An exact copy is needed of the lines in the entries below from the line with "- Within the" up to and including the line with "Over the next", and of nothing else. Leave the pictures out.

### Excerpted records
>>

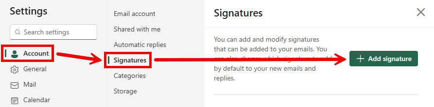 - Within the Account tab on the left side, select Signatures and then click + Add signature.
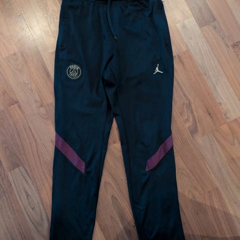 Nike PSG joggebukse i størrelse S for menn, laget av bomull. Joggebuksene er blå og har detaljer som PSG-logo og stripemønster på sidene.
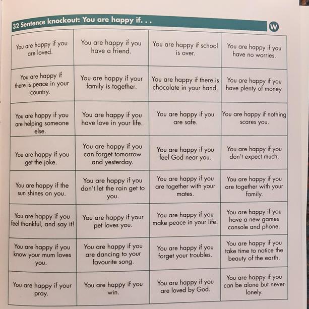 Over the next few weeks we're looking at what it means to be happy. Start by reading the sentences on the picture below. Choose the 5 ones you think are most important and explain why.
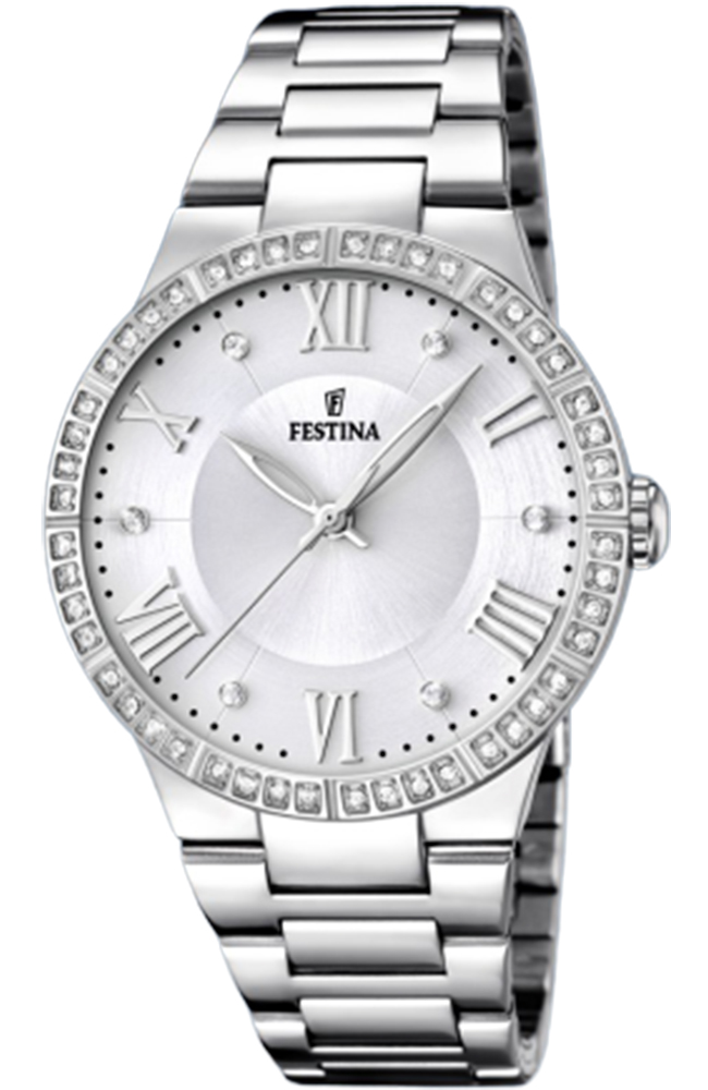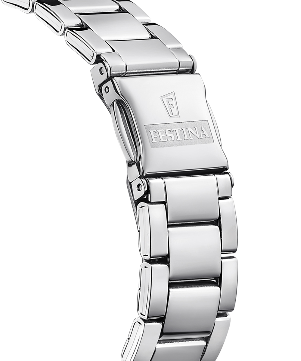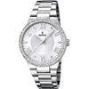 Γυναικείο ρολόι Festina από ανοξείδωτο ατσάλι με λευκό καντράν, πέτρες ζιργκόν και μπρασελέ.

<<
>>

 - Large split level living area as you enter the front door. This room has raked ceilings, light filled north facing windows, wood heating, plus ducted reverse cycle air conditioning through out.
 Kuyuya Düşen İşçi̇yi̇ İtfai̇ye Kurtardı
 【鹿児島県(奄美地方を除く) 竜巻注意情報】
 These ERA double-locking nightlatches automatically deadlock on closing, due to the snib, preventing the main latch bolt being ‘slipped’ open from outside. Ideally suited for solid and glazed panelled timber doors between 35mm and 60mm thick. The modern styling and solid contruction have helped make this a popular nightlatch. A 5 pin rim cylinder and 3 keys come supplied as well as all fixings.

<<
>>

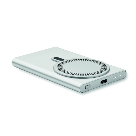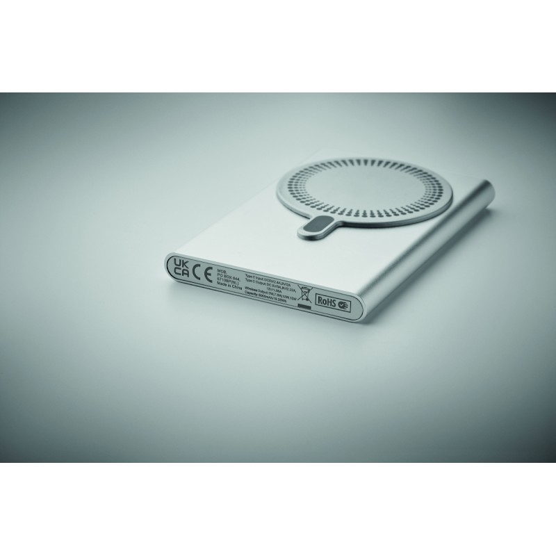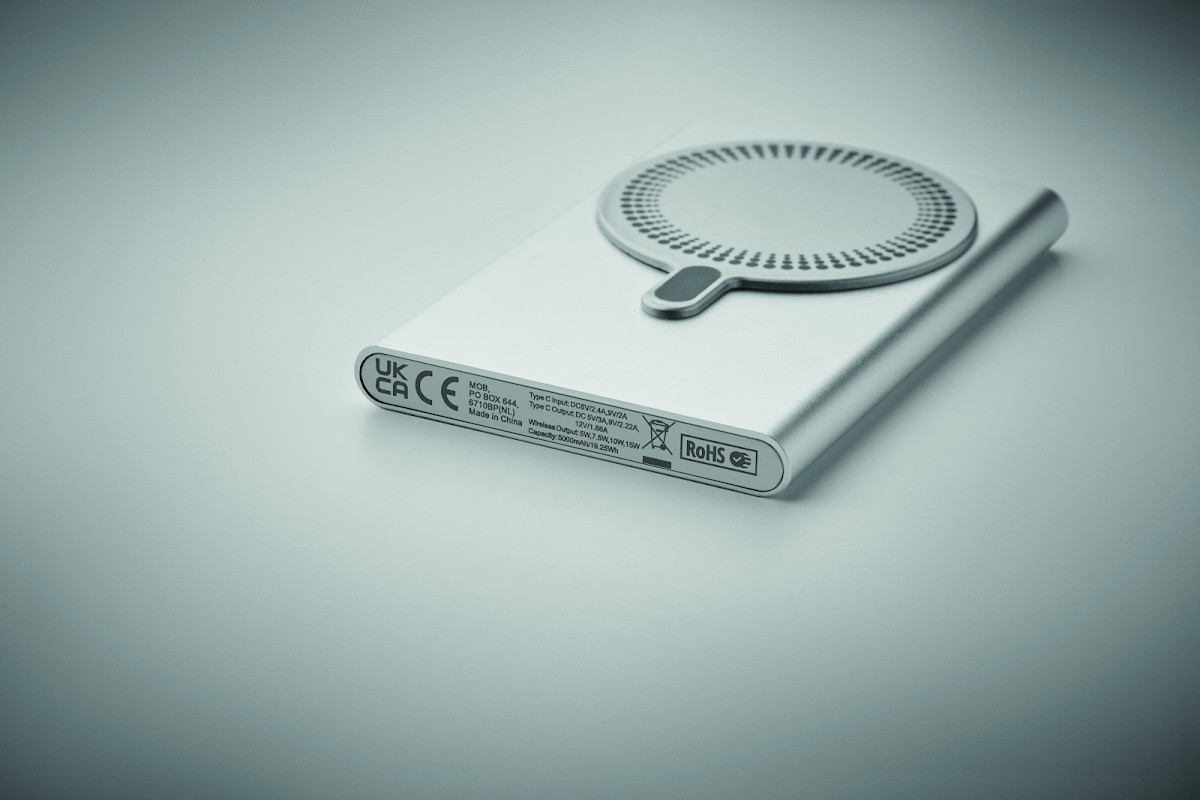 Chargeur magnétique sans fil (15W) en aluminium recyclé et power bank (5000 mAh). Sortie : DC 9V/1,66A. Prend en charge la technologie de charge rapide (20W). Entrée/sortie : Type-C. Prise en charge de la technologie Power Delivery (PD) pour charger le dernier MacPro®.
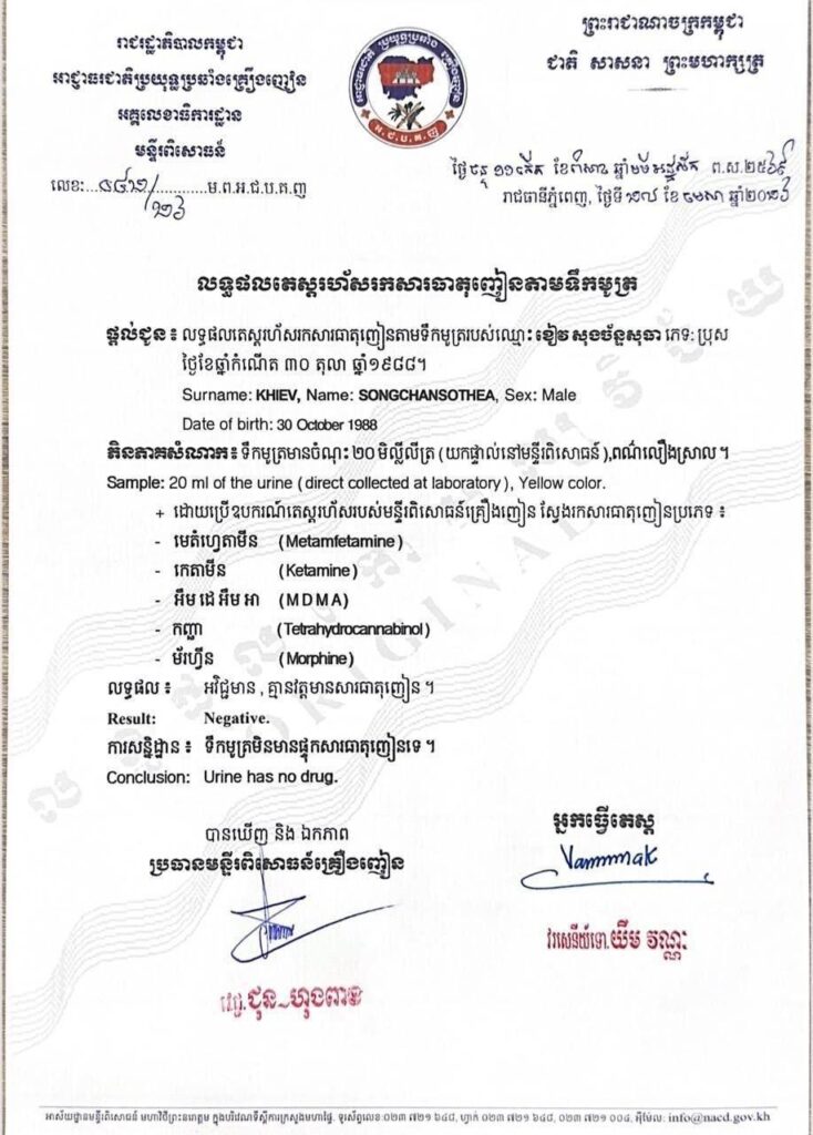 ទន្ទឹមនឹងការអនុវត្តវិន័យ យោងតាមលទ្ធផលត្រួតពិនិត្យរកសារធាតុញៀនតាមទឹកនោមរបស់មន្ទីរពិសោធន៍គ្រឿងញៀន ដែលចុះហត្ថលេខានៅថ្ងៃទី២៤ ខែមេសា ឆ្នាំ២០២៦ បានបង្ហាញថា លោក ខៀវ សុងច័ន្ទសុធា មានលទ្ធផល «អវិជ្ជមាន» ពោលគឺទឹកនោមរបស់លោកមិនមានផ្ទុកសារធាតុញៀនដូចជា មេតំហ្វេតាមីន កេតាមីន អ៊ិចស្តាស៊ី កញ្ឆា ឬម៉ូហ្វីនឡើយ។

<<

### Written answer
 - Within the Account tab on the left side, select Signatures and then click + Add signature.
 Nike PSG joggebukse i størrelse S for menn, laget av bomull. Joggebuksene er blå og har detaljer som PSG-logo og stripemønster på sidene.
 Over the next few weeks we're looking at what it means to be happy. Start by reading the sentences on the picture below. Choose the 5 ones you think are most important and explain why.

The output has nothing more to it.